In fact, a lot of missing knowledge can be inferred from the acquired knowledge, and sometimes this process is also called link prediction.

Note: Sometimes knowledge is not missing, but new, that is, a new triple appears, which was unknown in the original knowledge base. At this time, it needs to be added to the knowledge base as new knowledge, but this situation is not completed in the traditional sense.

(1) Probability completion method based on random walk

(2) Complement method based on representation learning.

Knowledge map embedding process:

① Structural embedding characterization

② Tensor neural network method

③ Matrix decomposition method

④ Translation methods

(3) Other completion methods

Cross-knowledge base completion method, knowledge base completion method based on information retrieval technology and common sense knowledge completion in knowledge base.

Challenges and main development directions:

(1) Solve the sparsity of long tail entities and relationships.

There will be many examples of the relationship between celebrities and stars, but there are few examples of ordinary people, but they are a dime a dozen, which leads to the sparse examples of their related relationships, and this situation will become more obvious with the increase of the number.

(2) One-to-many, many-to-one and many-to-many problems of entities.

For large-scale data, it is not as simple as tens or tens of orders of magnitude, but hundreds of orders of magnitude. Traditional solutions can't be effective, and Shenzhen can't solve this order of magnitude relationship learning problem at all.

(3) The dynamic increase and change of triplet lead to the aggravation of the dynamic change of KG.

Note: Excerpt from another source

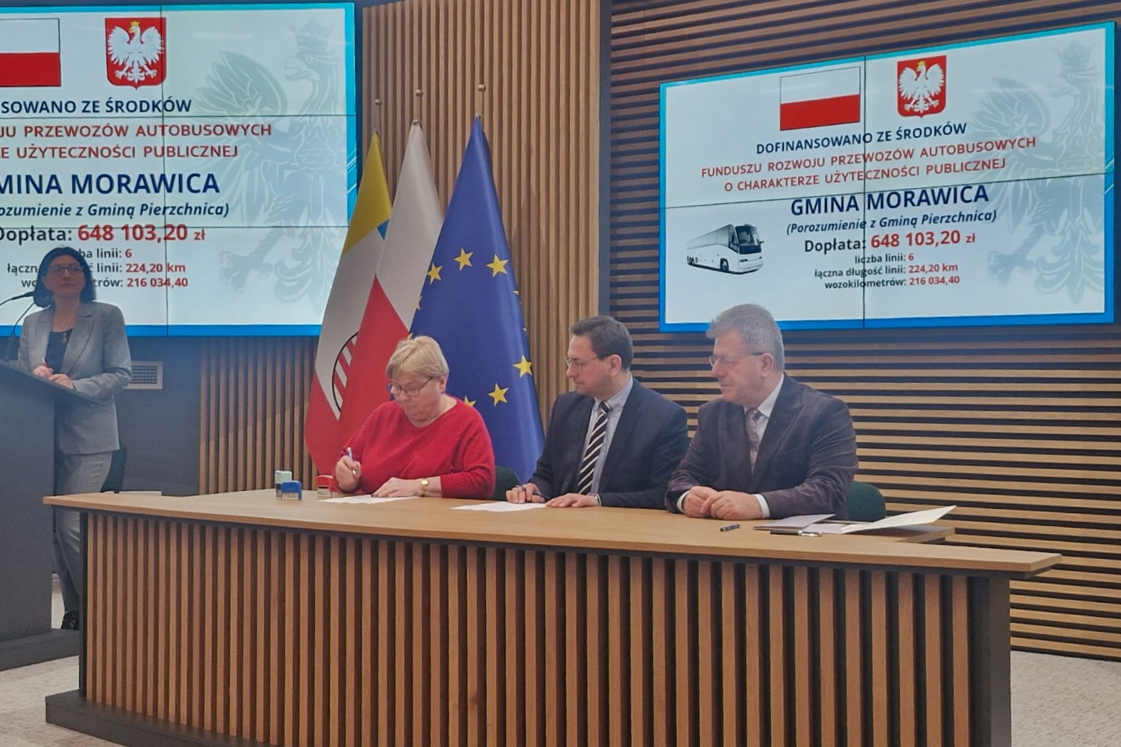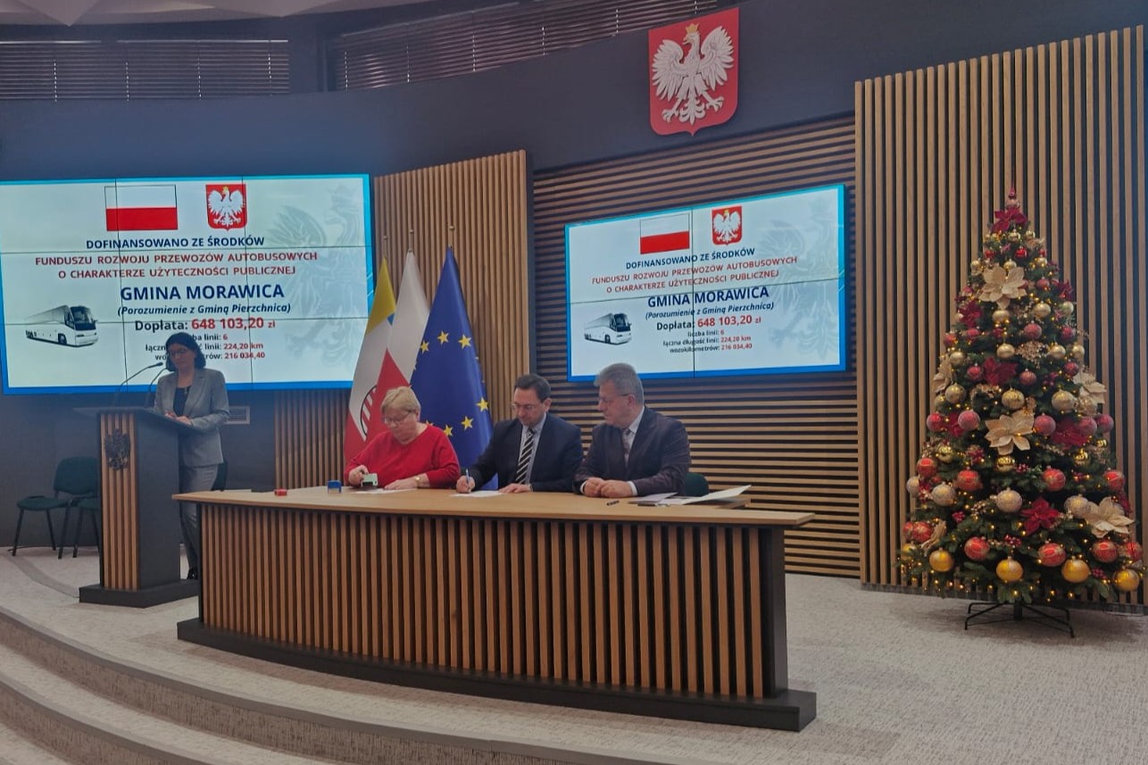 W poniedziałek, 29 grudnia br. Zastępca Burmistrza Miasta i Gminy Morawica Marcin Dziewięcki, przy kontrasygnacie Skarbnik Małgorzaty Lisickiej zawarł z Wojewodą Świętokrzyskim Józefem Brykiem umowę na dofinansowanie linii autobusowych użyteczności publicznej.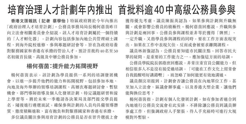 培育治理人才計劃年內推出 首批料逾40中高級公務員參與

New knowledge is constantly produced, and the previous knowledge may be later proved to be wrong or need to be revised. All these will make the process of knowledge completion need to be revised and changed. How to make the knowledge map completion technology adapt to the dynamic change of KG is becoming more and more important, but this technology has not attracted enough attention.

(4) The predicted path length of the relationship in 4)KG will continue to increase.

The length of relationship prediction reasoning is limited, but when a large-scale knowledge map flashes, the relationship path sequence between entities will become longer and longer, which requires a more efficient model to describe a more complex relationship prediction model.